Любопытные батуринцы часто стали похаживать вокруг да около Мазепова Городища: интересно было знать, что еще затеет этот неведомый, таинственный Бурба, появившийся Бог весть откуда и завладевший лучшим хутором в селе.

Бурба держал себя так, словно он был в родстве с самим чертом или, по крайней мере, с уездным исправником. Он ни с кем не знакомился, в селе никогда не показывался, возился в своем Городище с работником, которого он привез откуда-то с собой и от которого ничего нельзя было узнать по той простой причине, что тот был глухонемой.

Многие даже начинали питать к Бурбе злобу. Что он за человек такой? Каким ветром занесло его сюда? Что он будет делать здесь, когда для всякого дела нужны люди, а он отгородился от всех, как черт от праведников?..

И уже пошел смутный слух по Батурину о каких-то прошлых, недобрых делах Бурбы, благодаря которым он и разбогател, слух, неведомо кем пущенный, не имевший, казалось, никакой достоверности, но почему-то пришедшийся по вкусу и принятый как первая зацепка, по которой, может быть, и удастся когда-нибудь добраться до истины.

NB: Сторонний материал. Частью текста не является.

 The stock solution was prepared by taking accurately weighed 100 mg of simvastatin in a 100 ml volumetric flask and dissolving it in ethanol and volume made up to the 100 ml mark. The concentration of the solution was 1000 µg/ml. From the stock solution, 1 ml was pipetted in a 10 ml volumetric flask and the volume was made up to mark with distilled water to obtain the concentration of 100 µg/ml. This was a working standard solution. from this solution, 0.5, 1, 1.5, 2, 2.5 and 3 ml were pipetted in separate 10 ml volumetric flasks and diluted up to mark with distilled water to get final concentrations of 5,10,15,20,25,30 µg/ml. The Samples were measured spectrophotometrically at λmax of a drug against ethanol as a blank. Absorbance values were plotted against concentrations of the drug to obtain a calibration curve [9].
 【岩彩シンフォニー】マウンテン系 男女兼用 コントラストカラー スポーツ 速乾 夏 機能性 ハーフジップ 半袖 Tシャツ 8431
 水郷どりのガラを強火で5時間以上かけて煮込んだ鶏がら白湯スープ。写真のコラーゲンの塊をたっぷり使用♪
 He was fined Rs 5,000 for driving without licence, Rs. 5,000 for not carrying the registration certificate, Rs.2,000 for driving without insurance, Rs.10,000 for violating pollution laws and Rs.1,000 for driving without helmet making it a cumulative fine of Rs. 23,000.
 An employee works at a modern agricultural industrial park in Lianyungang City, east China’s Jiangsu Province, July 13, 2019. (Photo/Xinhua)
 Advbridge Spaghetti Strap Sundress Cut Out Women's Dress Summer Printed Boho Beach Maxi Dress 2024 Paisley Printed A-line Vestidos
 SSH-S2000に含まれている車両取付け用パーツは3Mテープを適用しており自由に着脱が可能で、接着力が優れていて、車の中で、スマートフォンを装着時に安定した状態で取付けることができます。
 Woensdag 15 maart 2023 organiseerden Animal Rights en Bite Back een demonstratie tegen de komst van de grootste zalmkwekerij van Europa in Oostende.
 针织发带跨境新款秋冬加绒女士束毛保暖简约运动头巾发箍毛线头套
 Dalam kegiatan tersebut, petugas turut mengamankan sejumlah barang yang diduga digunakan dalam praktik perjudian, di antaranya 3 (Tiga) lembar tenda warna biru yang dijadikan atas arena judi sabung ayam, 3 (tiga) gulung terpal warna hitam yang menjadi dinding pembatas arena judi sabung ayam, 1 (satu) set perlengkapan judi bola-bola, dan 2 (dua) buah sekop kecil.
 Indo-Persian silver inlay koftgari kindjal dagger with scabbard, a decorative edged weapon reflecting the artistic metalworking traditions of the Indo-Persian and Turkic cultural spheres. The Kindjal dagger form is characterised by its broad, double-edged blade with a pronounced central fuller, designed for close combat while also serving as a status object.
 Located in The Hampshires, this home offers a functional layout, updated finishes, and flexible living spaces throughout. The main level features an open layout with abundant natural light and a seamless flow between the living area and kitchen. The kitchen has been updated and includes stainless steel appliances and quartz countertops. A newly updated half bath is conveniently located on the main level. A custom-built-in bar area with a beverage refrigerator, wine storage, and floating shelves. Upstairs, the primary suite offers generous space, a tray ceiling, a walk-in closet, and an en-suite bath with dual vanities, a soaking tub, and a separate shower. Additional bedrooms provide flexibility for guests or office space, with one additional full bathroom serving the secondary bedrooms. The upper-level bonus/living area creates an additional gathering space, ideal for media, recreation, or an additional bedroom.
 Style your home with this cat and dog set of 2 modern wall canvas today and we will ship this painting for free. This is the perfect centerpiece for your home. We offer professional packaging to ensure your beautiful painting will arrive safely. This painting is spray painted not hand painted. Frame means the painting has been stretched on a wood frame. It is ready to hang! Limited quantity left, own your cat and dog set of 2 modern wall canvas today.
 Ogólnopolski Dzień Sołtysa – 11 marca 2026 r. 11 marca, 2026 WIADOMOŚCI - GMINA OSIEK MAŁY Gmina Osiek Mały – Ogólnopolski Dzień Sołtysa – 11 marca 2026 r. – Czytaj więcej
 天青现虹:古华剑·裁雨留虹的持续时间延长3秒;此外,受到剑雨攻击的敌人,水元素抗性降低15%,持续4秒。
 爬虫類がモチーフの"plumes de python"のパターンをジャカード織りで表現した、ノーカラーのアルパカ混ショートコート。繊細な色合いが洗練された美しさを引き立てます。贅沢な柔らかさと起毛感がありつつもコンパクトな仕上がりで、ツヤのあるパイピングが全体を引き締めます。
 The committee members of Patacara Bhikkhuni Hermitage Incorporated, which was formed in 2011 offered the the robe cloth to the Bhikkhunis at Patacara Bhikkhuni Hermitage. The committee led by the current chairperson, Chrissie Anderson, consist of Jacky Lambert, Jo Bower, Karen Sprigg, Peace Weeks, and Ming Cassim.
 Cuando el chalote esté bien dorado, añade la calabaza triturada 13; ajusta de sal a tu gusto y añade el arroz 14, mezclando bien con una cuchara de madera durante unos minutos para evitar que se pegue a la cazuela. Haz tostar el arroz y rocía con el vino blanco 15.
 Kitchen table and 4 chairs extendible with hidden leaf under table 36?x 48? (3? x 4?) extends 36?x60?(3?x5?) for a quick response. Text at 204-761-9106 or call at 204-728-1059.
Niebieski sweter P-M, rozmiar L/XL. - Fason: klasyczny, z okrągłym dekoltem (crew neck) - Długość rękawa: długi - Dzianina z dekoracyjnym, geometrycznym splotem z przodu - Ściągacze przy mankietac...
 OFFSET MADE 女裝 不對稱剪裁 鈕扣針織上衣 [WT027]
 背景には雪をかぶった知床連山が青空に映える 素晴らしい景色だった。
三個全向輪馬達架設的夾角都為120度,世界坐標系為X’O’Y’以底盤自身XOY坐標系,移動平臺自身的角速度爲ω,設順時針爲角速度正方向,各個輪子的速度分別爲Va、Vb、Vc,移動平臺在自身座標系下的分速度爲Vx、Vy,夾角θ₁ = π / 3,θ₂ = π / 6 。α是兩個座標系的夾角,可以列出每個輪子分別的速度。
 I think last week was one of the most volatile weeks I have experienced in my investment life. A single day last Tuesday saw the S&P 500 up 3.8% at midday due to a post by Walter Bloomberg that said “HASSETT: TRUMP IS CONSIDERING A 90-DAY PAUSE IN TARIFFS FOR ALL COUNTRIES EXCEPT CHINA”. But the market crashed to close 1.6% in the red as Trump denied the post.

Батуринцы, как и все сыны поэтической Украйны, большие романтики и мечтатели; часто простая неизвестность, отсутствие сведений о человеке, отклонение его жизни от их уклада — заставляет их воображение разыгрываться, давая пищу для самых невероятных догадок и предположений, рождая целые легенды. Если слух о Бурбе и не был выдуман кем-нибудь из батуринцев, а принесен со стороны каким-нибудь досужим болтуном, то они, во всяком случае, не пропустили его мимо ушей, потому что он удовлетворял их потребности необычайного и давал хоть какое-нибудь объяснение непонятному поведению странного пришельца.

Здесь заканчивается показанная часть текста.